Canon: Beyer et al. 2018 (Site Reliability Workbook, Ch. 8) — observable signals are the entire point of a runbook. Vague success criteria are the leading cause of runbook misuse during incidents.
"What is the rollback path for each runbook step that can fail?" Recommended: every step that mutates state has either a rollback path or an explicit "cannot roll back — escalate to X" line. Canon: AWS Well-Architected Framework, Operational Excellence pillar — "you cannot run a process you cannot reverse without first agreeing what 'reverse' means".
"Where does this doc live, and what other docs link to it?" Recommended: in the canonical wiki, and at least 2 inbound links from related docs. An orphan SOP is an unfindable SOP. Canon: Atlassian Team Playbook on documentation health — orphan rate > 20% is the leading indicator of a wiki sprawl problem.

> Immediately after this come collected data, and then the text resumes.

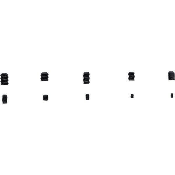 Madenschrauben mit Regelgewinde: 15 St. 5/32 UNC 32 x 3/16 20 St. 5/16 UNC 18 x 3/8 10 St. 3/8 UNC 16 x 3/8 10 St. 5/16 UNC 18 x 1/2 15 St. 1/8 UNC 40 x 3/16 10 St. 3/16 UNC 24 x 1/4 15 St. 1/4 UNC 28 x 1/4 20 St. 1/4 UNC 20 x 1/4 10 St. 3/8 UNC 16 x 1/2 10 St. 1/4 UNC 20 x 3/8 Madenschrauben mit Feingewinde: 10 St. 5/16 UNF 24 x 3/8 15 St. 5/16 UNF 24 x 3/8 Merkmale Bruttogewicht: 330 gDIN: 913 Material: StahlVerpackung für Wandbehang geeignet: Ja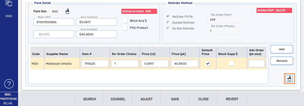 • If the Group Reorder Method is set to Guided Reordering, the Guided Reorder Point (Guided ROP) is recalculated based on the pack size(s) added. Changes to the Guided ROP are recorded in the Drug Folder History tab.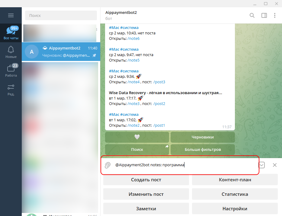 - А кнопка Есть пост отобразит заметки, для которых пост уже опубликован в канале.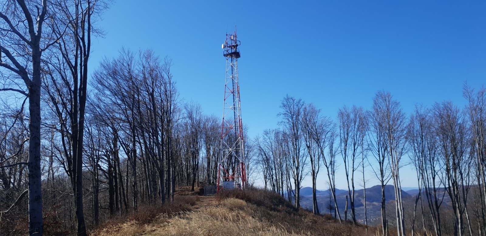 Pornim de la mașină și reperăm destinația drumeției: Vârful Bârloagele, scăldat în soarele primăverii și omniprezentul releu.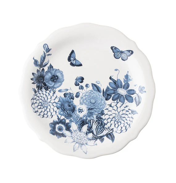 The wildly romantic motif of blooms and butterflies in a dreamy palette of chambray blue hues makes this pretty plate ideal for serving salads (here is a perfect moment to sprinkle flower petals on your greens) and desserts (we adore the contrast of anything with bright summer berries). The softly scalloped rim creates an eye-catching silhouette that is lovely for layering with other tableware.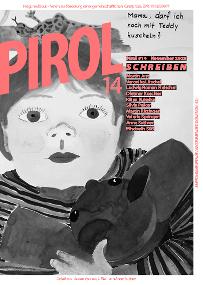 Im Jänner 2015 brachten wir die erste Ausgabe Pirol mit einer bescheidenen Auflage von 100 Stück in schwarz/weiß heraus. Der Inhalt stellte sich aus unterschiedlichen Medien der bildenden Kunst (Fotografie, Malerei, Zeichnung) und der Literatur zusammen. Die Verbindung der unterschiedlichen Beiträge sollte (und soll) den kunstinternen Diskurs bereichern.
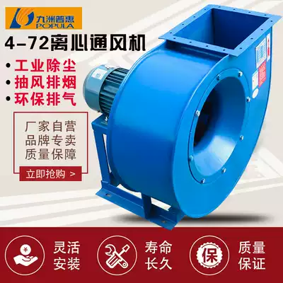 Jiuzhou Pratt & Whitney 4-72 centrifugal exhaust fan 380V industrial dust removal spray booth environmentally friendly exhaust explosion-proof high-speed fan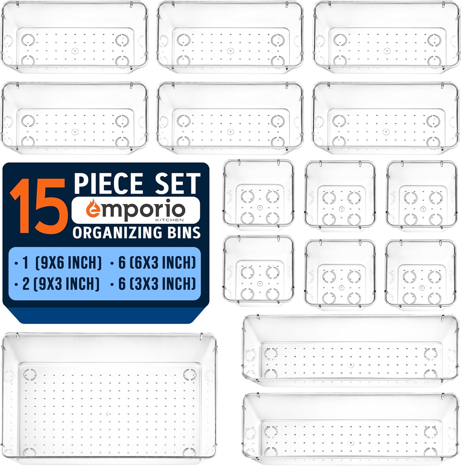 Transform cluttered drawers into neatly organized spaces with the Emporio Kitchen Clear Plastic Drawer Organizers Set. This versatile set is ideal for makeup, bathroom essentials, kitchen gadgets, utensils, office supplies, and more, ensuring everything has its place and is easy to find. The set includes 72 storage bins in four different sizes: twelve pieces (9x6 inches), twenty pieces (9x3 inches), eighteen pieces (6x3 inches), and twenty-two pieces (3x3 inches). These varying sizes allow you to create customized drawer arrangements that fit your specific items perfectly, providing a tailored solution for your organizational needs. Each organizer comes with 288 durable silicone pads that provide a non-slip grip, ensuring the bins stay securely in place. Simply stick them on the bottom of the plastic organizers, and your items will remain neatly arranged without shifting or sliding, even when opening and closing drawers. This non-slip design adds an extra layer of stability, making sure your drawers stay tidy and organized. Designed with efficiency in mind, these bins are stackable, helping you maximize storage capacity in any drawer or on countertops. The stackable feature allows for flexible organization, letting you keep your space clutter-free and well-ordered. Whether you’re storing cosmetics in the bathroom, tools in the kitchen, or stationery in the office, these bins adapt to your needs. Crafted from clear plastic, these organizers are not only durable but also easy to clean. A simple wipe-down with a damp cloth is all it takes to maintain their pristine appearance. The clear design also makes it easy to see and access your items quickly, adding both functionality and convenience to your home organization efforts. Elevate your organizational game with the Emporio Kitchen Drawer Organizers Set, and enjoy a tidier, more efficient living space.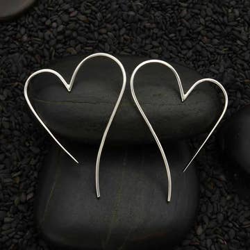Silver plated hoop earrings in a whimsical hand fashioned heart shape! 1 1/4 inches in diameter, Sweetheart is sure to bring smiles! (also available in a 1 7/8 inch diameter)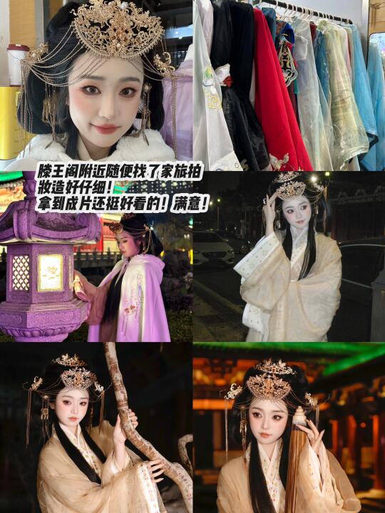 📍晚上要去滕王阁,时间还早就在滕王阁附近找了旅拍,强烈建议女孩子都整一套拍拍拍,我们就近找了家叫茶屿旅拍,化完妆雀食出片!拍完衣服可以继续穿只要在关门前还就可以了!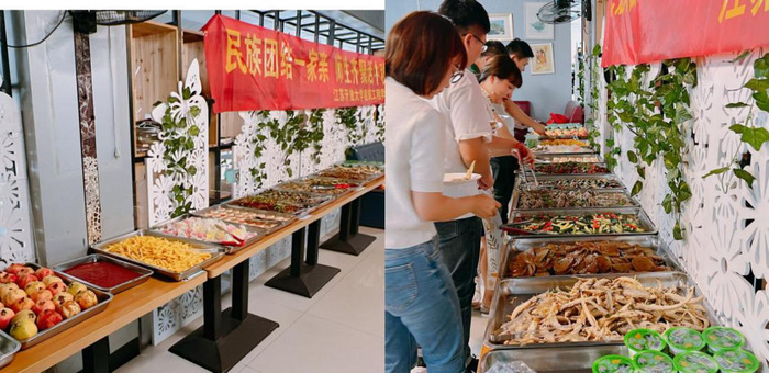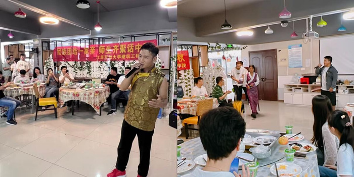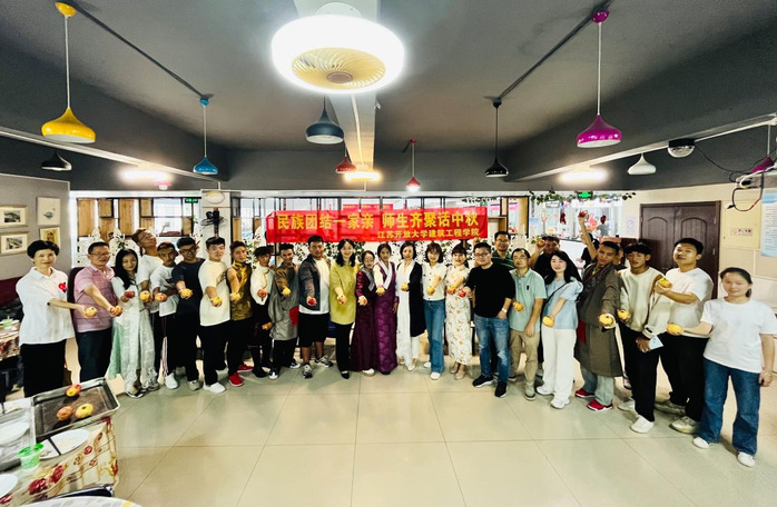 9月27日下午3点,建筑工程学院在应天校区食堂二楼举行了“民族团结一家亲、师生共聚话中秋”为主题的民族团结教育实践活动。少数民族师生们欢聚一堂,共同庆祝中秋佳节。来自仡佬族、回族、藏族、满族、土家族、侗族、苗族等10多个少数民族师生代表与学院第二班主任、老师们欢聚一堂,通过文艺节目表演、手工制作月饼等方式欢庆中秋。

"What is the regulatory overlay on this process — SOC 2, HIPAA, ISO 13485, GDPR, SOX, none?" Recommended: explicit answer. If "none", confirm by checking the data classes the process touches. Canon: FDA 21 CFR Part 211.100 (Written procedures; deviations) — regulated SOPs require version control, change history, and signoff. Skip this step and the doc is an audit finding.
"Is the happy path the only path documented, or are the 2-3 most common failure modes also documented?" Recommended: the top-2 failure modes per process are documented with their own recovery sub-procedure. Canon: Fowler 2016 (Production-Ready Microservices) — operations docs that cover only the happy path are responsible for 60%+ of incident-time waste.
After all 7 are locked, invoke kb_ingester.py → runbook_validator.py → sop_generator.py in sequence.